Quantitive research study designs can be broadly classified into two main groups (observational and experimental) depending on if an intervention is assigned. If an intervention is assigned, then an experimental study design will be considered; however, if no intervention is planned or assigned, then an observational study will be conducted. 3 These broad classes are further subdivided into specific study designs, as shown in Figure 3.1. In practice, quantitative studies usually begin simply as descriptive studies, which could subsequently be progressed to more complex analytic studies and then to experimental studies where appropriate.

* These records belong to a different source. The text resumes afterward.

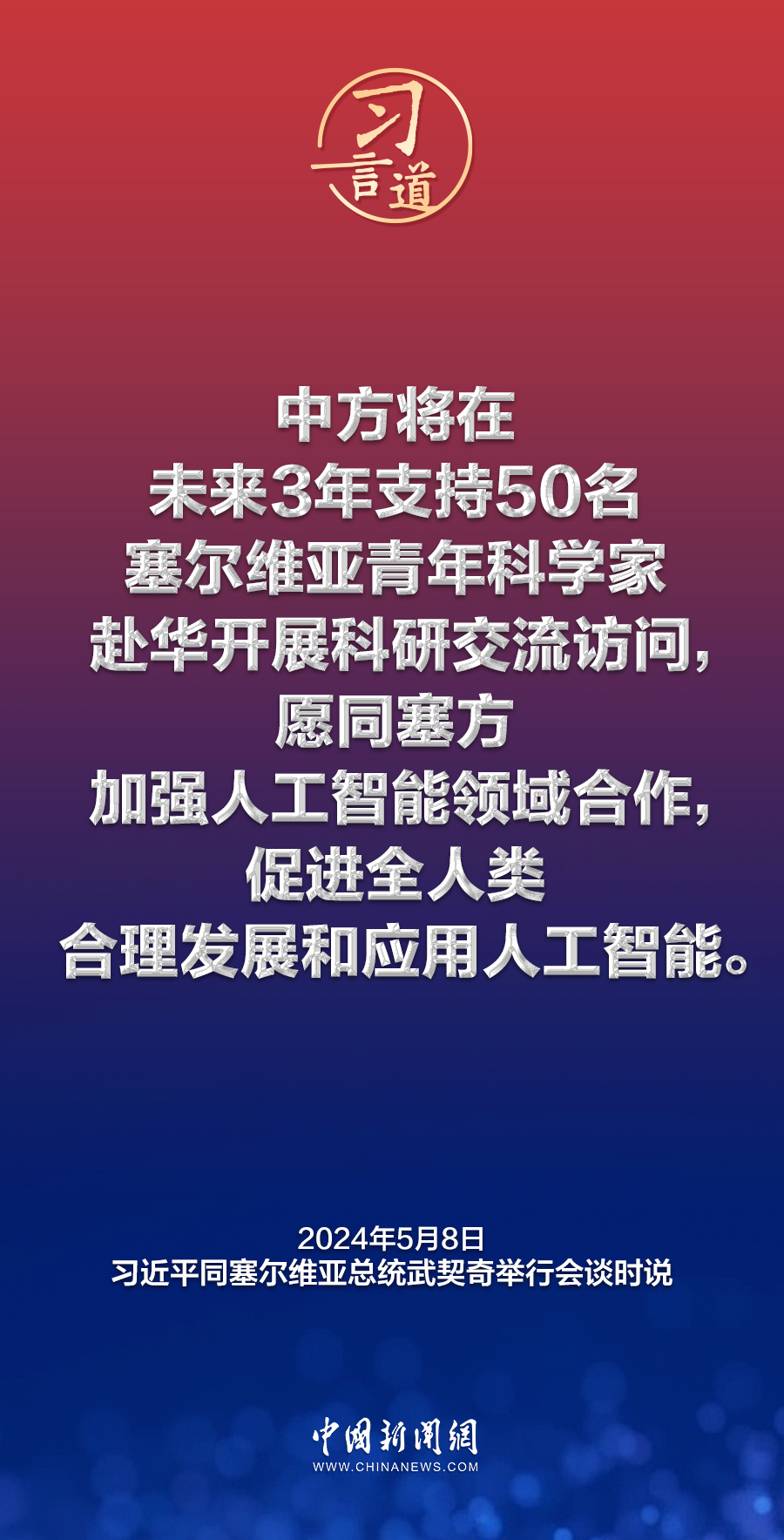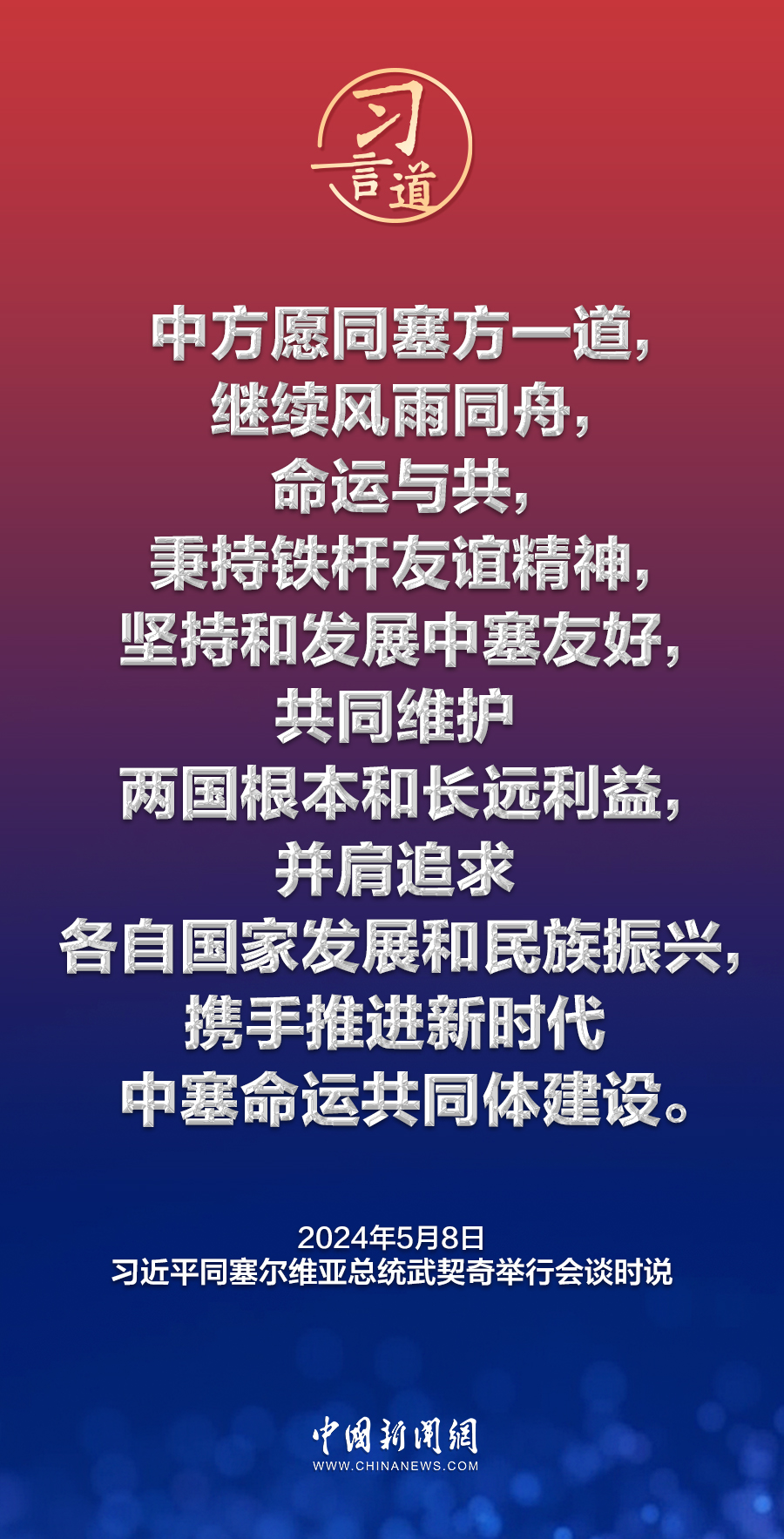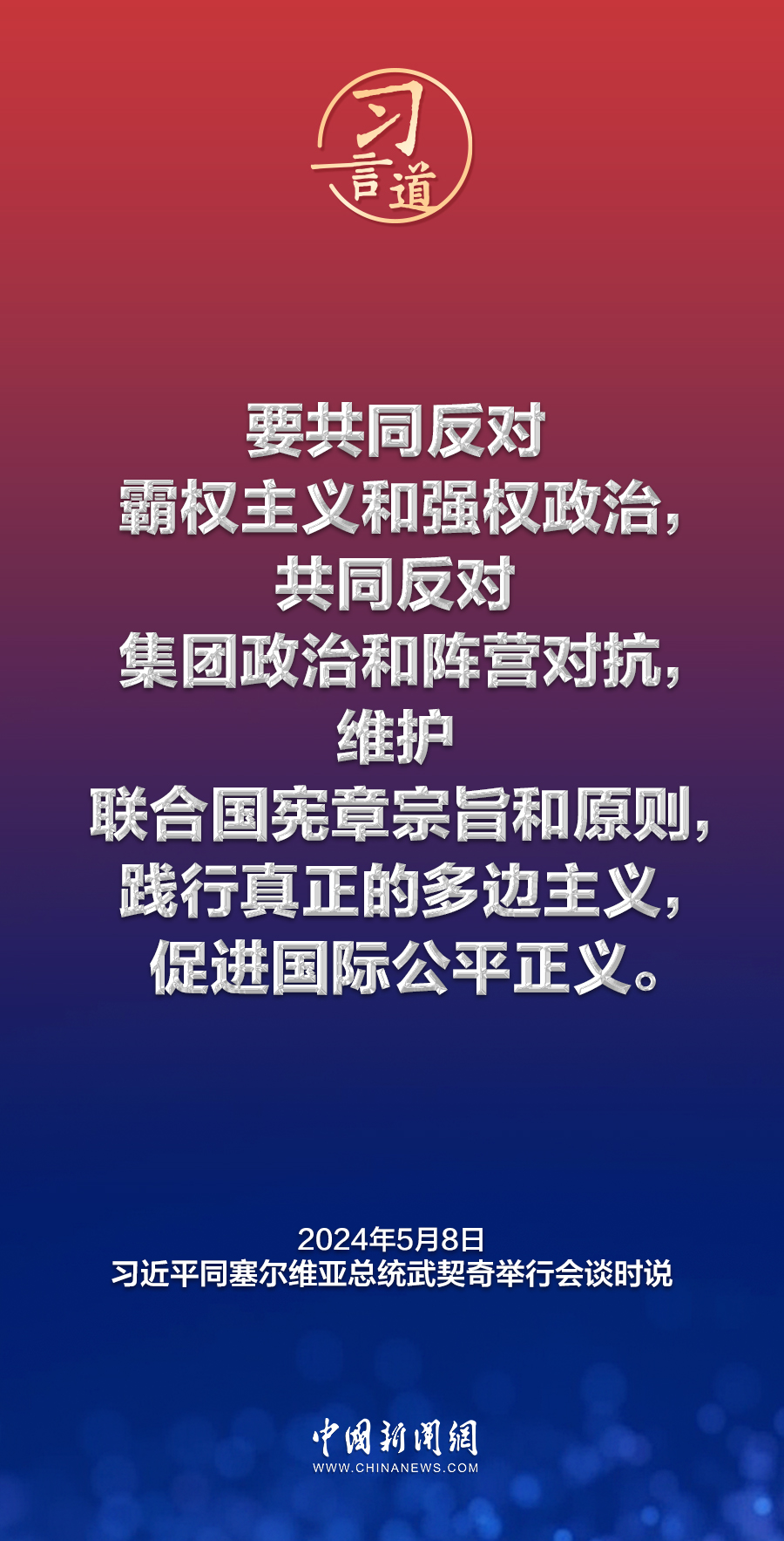 當地時間5月8日上午,國家主席習近平在貝爾格萊德塞爾維亞大廈同塞爾維亞總統武契奇舉行會談。習近平指出——
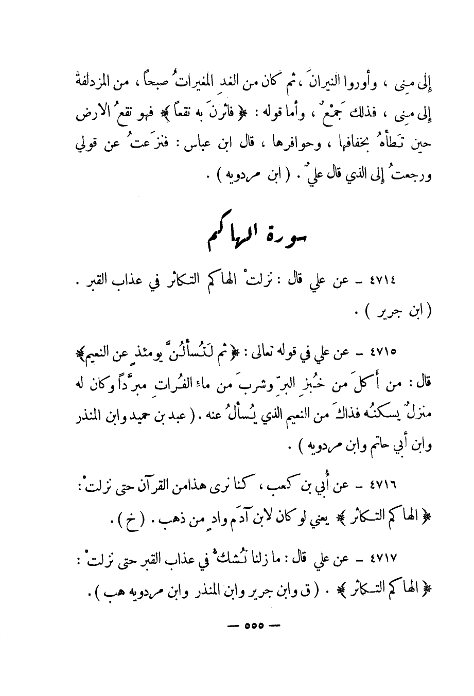 4717- عن علي قال: ما زلنا نشك في عذاب القبر حتى نزلت: {أَلْهَاكُمُ التَّكَاثُرُ} . "ق وابن جرير وابن المنذر وابن مردويه هب".
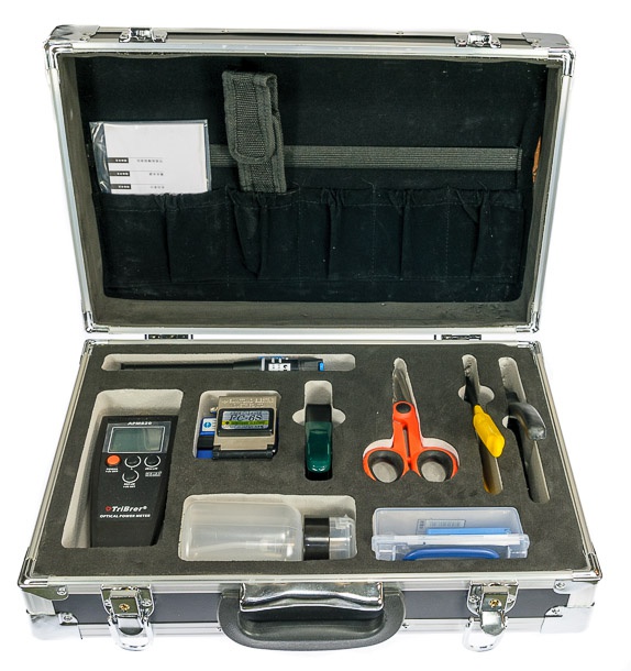 Nóż do obcinania włókien z zestawem narzędzi do zakańczania kabli swiatłowodowych.
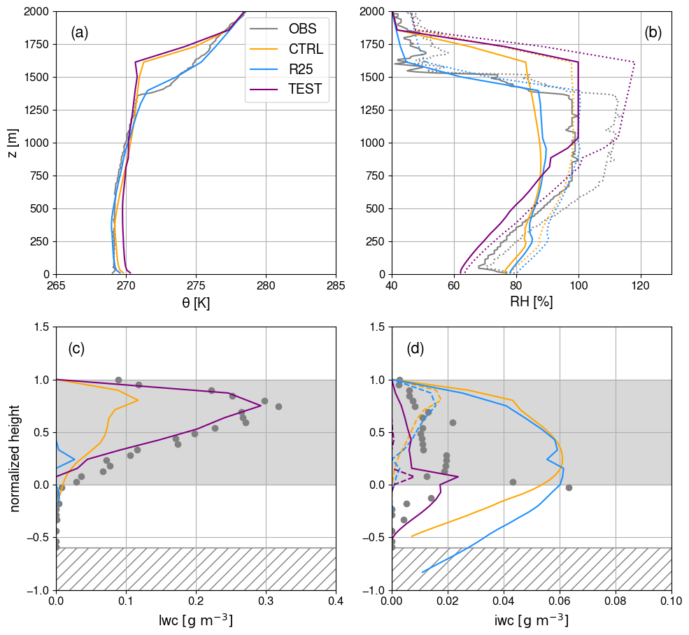Figure 2M-PACE vertical profiles of potential temperature (a), relative humidity with respect to liquid ((b), solid lines) and ice ((b), dotted lines), liquid water content (c) and ice water content including (resp. excluding) snow precipitation in solid (resp. dashed) lines (d). CTRL, R25 and TEST simulations are shown in orange, blue and purple respectively and simulation profiles are averaged over the well-developed phase of the clouds, namely between 01:00 and 05:00 UTC, 10 October 2024. In panels (a) and (b), observations (in grey) correspond to the radiosonde launched at Utqiagvik, Alaska at 17:00 UTC, 9 October. In panels (c) and (d), the vertical axis used is the normalized height – where −1 is the surface, 0 is cloud base, and 1 is cloud top – for consistency with Klein et al. (2009) and grey shading indicates the location of the cloud. Observations (grey dots) correspond to airborne measurements that do not extend below −0.6 in normalized height, hence the hashed area in panel (c) and (d). Note that in LMDZ, the relative humidity corresponds to a diagnostic variable computed as the ratio of the mean specific humidity in the mesh to the saturation specific humidity at the mean temperature in the mesh, the relative humidity with respect to liquid being capped at 100 % as cloud liquid water forms through adjustment process.
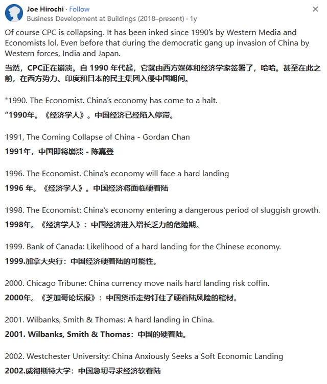 Hirochi)的Quora答主,他的回答和別人的都不一樣,他是直接把自1990年以來的部分西方媒體和專家學者唱衰中國經濟的有關評論與文章作了一個粗略的統計彙總,也就是我們如今常説的“合訂本”。
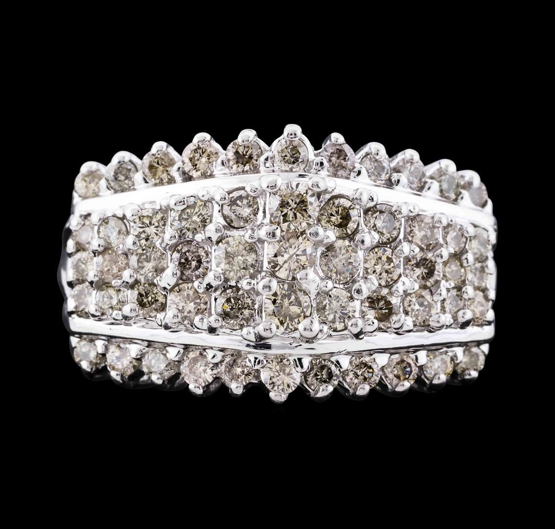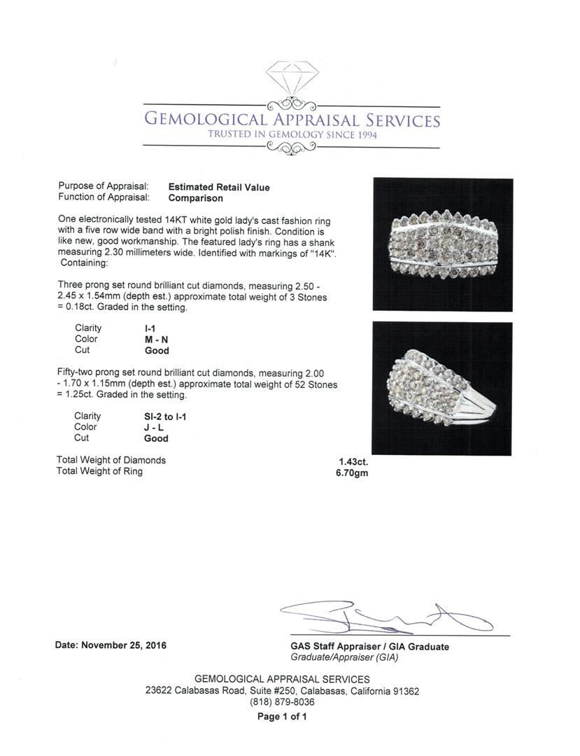 One electronically tested 14KT white gold lady's cast fashion ring with a five row wide band with a bright polish finish. The featured lady's ring has a shank measuring 2.30 millimeters wide. Identified with markings of "14K". Condition is like new, good workmanship. Containing: Three prong set round brilliant cut diamonds, measuring 2.50 - 2.45 x 1.54mm (depth est.) approximate total weight of 3 Stones = 0.18ct. Graded in the setting. Clarity: I-1. Color: M - NCut Good Fifty-Two prong set round brilliant cut diamonds, measuring 2.00 - 1.70 x 1.15mm (depth est.) approximate total weight of 52 Stones = 1.25ct. Graded in the setting. Clarity: SI-2 to I-1. Color: J - LCut Good. Total Weight of Diamonds 1.43ct. Total Weight of Ring 6.70gm. GAS Appraised.

Figure 3.1 Algorithm for classification of study designs by Bunmi Malau-Aduli and Faith Alele. Adapted from Grimes and Schulz 2002, used under a CC BY NC 4.0 licence

Observational studies

Observational studies are research designs that involve observing and measuring the characteristics of a sample or population without intervening, altering or manipulating any variables (Figure 3.1). 3 Observational studies can be further subdivided into descriptive and analytic studies. 3

Descriptive observational studies

Descriptive studies are research designs that describe or measure the characteristics of a specific population or phenomenon. These characteristics include descriptions related to the phenomenon under investigation, the people involved, the place, and the time. 4 These study designs are typically non-experimental and do not involve manipulating variables; rather, they rely on the collection and analysis of numerical data to draw conclusions. Examples of descriptive studies include case reports, case series, ecological studies and cross-sectional (prevalence studies). 2 These are discussed below

  • Case Reports and Case series

Case reports and case series are both types of descriptive studies in research. A case report is a detailed account of the medical history, diagnosis, treatment, and outcome of a single patient. 5 On the other hand, case series is a collection of cases with similar clinical features. 5 Case series are frequently used to explain the natural history of a disease, the clinical characteristics, and the health outcomes for a group of patients who underwent a certain treatment. Case series typically involve a larger number of patients than case reports. 5 Both case reports and case series are used to illustrate unusual or atypical features found in patients in practice. 5 In a typical, real-world clinical situation, they are both used to describe the clinical characteristics and outcomes of individual patients or a group of patients with a particular condition. These studies have the potential to generate new research questions and ideas. 5 However, there are drawbacks to both case reports and case series, such as the absence of control groups and the potential for bias. Yet, they can be useful sources of clinical data, particularly when researching uncommon or recently discovered illnesses. 5 An example of a case report is the study by van Tulleken, Tipton and Haper, 2018 which showed that open-water swimming was used as a treatment for major depressive disorder for a 24-year-old female patient.6 Weekly open (cold) water swimming was trialled, leading to an immediate improvement in mood following each swim. A sustained and gradual reduction in symptoms of depression, and consequently a reduction in, and cessation of, medication was observed.6 An example of a case series is the article by Chen et al, 2020  which described the epidemiology and clinical characteristics of COVID-19 infection among 12 confirmed cases in Jilin Province, China.7

  • Ecological studies

Ecological studies examine the relationship between exposure and outcome at the population level. Unlike other epidemiological studies focusing on individual-level data, ecological studies use aggregate data to investigate the relationship between exposure and outcome of interest. 8 In ecological studies, data on prevalence and the degree of exposure to a given risk factor within a population are typically collected and analysed to see if exposure and results are related. 8 Ecological studies shed light on the total burden of disease or health-related events within a population and assist in the identification of potential risk factors that might increase the incidence of disease/event. However,  these studies cannot prove causation or take into account characteristics at the individual level that can influence the connection between exposure and result. This implies that ecological findings cannot be interpreted and extrapolated to individuals. 9 For example, the association between urbanisation and Type 2 Diabetes was investigated at the country level, and the role of intermediate variables (physical inactivity, sugar consumption and obesity) was examined. One of the key findings of the study showed that in high-income countries (HIC), physical inactivity and obesity were the main determinants of T2D prevalence.10 However, it will be wrong to infer that people who are physically inactive and obese in HIC have a higher risk of T2D.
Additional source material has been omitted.